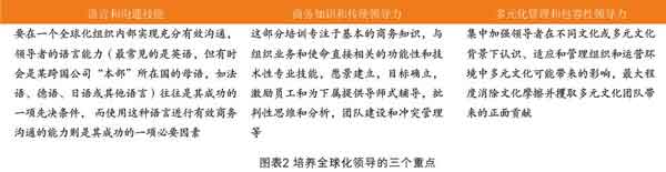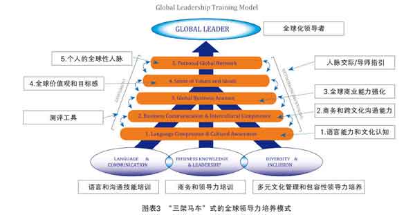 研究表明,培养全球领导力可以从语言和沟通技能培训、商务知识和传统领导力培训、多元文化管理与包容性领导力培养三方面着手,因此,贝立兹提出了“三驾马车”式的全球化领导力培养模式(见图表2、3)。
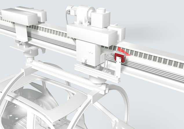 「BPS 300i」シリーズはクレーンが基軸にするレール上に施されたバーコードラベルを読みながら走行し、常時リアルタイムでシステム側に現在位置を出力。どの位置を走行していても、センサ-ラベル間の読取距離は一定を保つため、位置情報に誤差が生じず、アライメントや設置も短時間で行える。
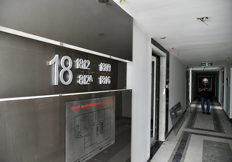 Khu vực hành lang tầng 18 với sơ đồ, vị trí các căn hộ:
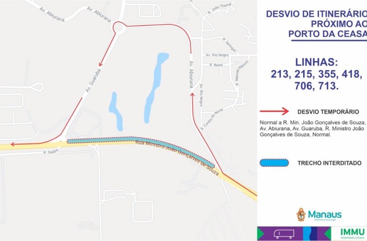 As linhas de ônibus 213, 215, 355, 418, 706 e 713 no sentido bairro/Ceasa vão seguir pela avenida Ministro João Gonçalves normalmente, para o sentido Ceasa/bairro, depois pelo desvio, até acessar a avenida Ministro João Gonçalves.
++++
**Exercise brief**
In your copy of the material, every word must match and no image should appear.

**Answer for this exercise**
 研究表明,培养全球领导力可以从语言和沟通技能培训、商务知识和传统领导力培训、多元文化管理与包容性领导力培养三方面着手,因此,贝立兹提出了“三驾马车”式的全球化领导力培养模式(见图表2、3)。
 「BPS 300i」シリーズはクレーンが基軸にするレール上に施されたバーコードラベルを読みながら走行し、常時リアルタイムでシステム側に現在位置を出力。どの位置を走行していても、センサ-ラベル間の読取距離は一定を保つため、位置情報に誤差が生じず、アライメントや設置も短時間で行える。
 Khu vực hành lang tầng 18 với sơ đồ, vị trí các căn hộ:
 As linhas de ônibus 213, 215, 355, 418, 706 e 713 no sentido bairro/Ceasa vão seguir pela avenida Ministro João Gonçalves normalmente, para o sentido Ceasa/bairro, depois pelo desvio, até acessar a avenida Ministro João Gonçalves.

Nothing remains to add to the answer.